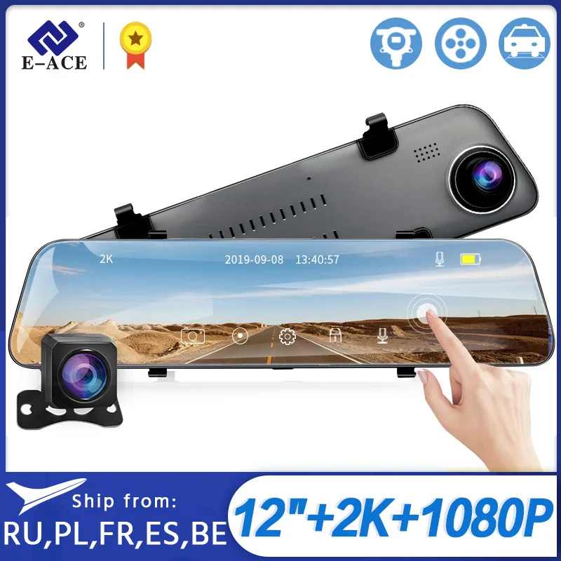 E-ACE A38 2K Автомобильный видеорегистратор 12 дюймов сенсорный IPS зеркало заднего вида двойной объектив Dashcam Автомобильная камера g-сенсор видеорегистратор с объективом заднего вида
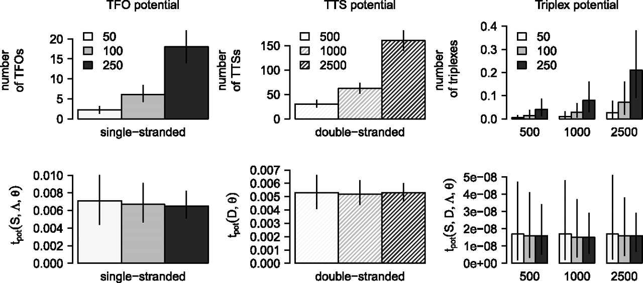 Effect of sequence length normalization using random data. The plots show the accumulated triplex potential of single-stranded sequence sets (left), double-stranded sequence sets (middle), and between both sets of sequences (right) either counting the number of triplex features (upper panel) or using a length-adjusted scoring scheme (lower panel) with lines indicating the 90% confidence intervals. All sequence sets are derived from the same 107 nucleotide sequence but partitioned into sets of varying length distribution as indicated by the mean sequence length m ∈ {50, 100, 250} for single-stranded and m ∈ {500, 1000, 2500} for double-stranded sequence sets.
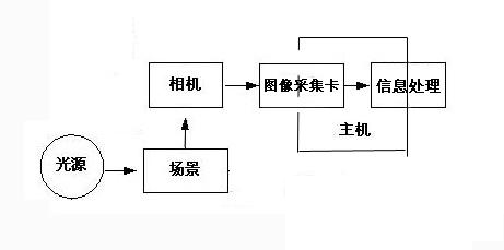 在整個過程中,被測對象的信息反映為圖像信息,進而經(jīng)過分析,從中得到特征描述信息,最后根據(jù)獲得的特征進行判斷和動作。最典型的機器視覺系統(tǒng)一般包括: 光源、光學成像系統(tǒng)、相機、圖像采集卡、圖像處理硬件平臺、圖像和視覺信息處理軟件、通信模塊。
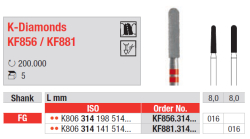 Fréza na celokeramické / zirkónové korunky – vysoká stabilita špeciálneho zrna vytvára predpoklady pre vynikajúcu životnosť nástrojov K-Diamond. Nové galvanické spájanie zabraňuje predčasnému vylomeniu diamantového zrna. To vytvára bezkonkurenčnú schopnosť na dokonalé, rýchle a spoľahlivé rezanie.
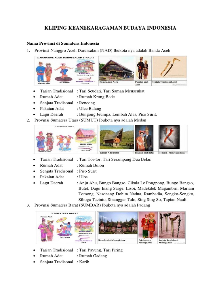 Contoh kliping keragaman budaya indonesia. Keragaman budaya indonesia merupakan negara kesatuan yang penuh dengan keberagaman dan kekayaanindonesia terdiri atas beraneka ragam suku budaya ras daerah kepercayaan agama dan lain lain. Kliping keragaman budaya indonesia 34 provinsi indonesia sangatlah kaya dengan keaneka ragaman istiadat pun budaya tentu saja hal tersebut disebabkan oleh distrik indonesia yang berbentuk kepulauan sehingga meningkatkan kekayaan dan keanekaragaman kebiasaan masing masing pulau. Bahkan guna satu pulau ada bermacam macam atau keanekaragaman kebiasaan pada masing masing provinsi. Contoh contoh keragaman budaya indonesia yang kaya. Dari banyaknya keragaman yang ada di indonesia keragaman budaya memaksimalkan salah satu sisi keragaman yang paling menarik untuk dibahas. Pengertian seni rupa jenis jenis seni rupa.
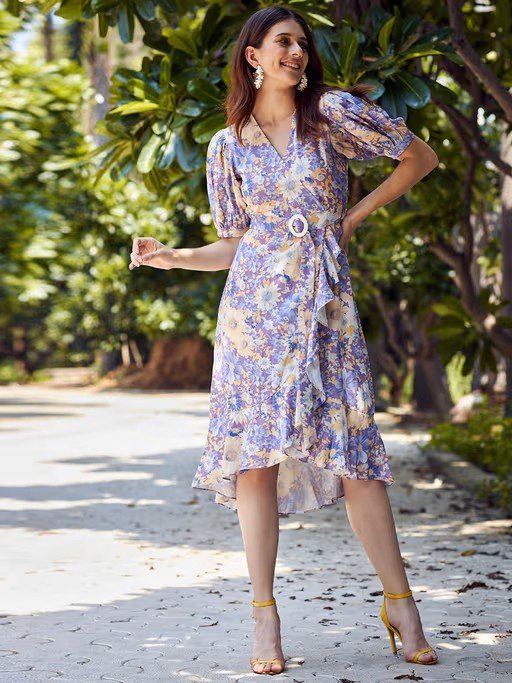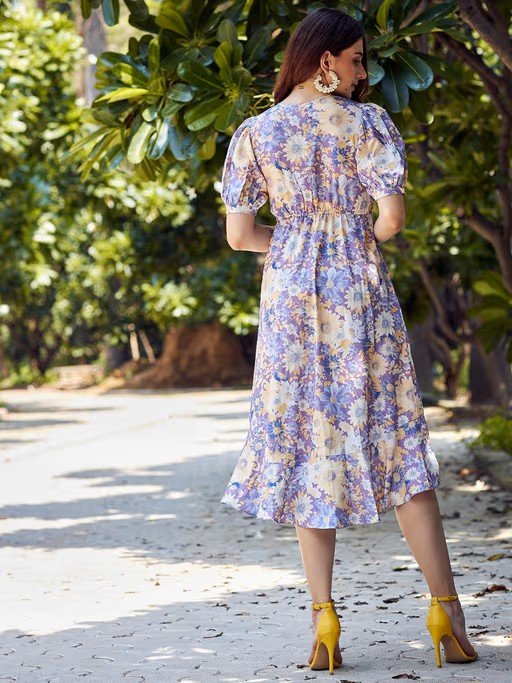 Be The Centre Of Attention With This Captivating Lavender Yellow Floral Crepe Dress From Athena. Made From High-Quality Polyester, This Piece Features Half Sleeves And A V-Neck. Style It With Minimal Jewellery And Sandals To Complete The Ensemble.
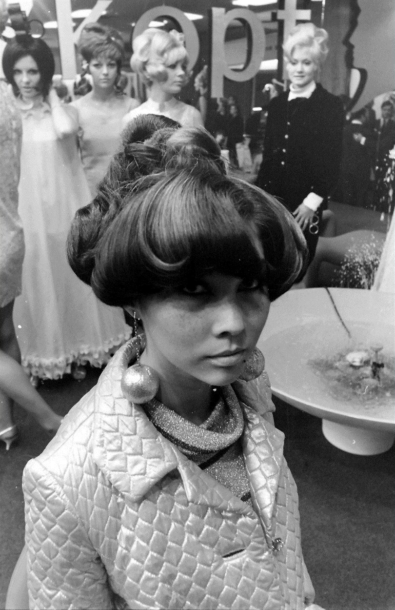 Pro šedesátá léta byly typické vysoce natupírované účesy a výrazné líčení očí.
□ □ □
Task requirements
Please transcribe exactly the line containing "Be The Centre" and every later line through the end of the records above, omitting pictures.

Output of the task
 Be The Centre Of Attention With This Captivating Lavender Yellow Floral Crepe Dress From Athena. Made From High-Quality Polyester, This Piece Features Half Sleeves And A V-Neck. Style It With Minimal Jewellery And Sandals To Complete The Ensemble.
 Pro šedesátá léta byly typické vysoce natupírované účesy a výrazné líčení očí.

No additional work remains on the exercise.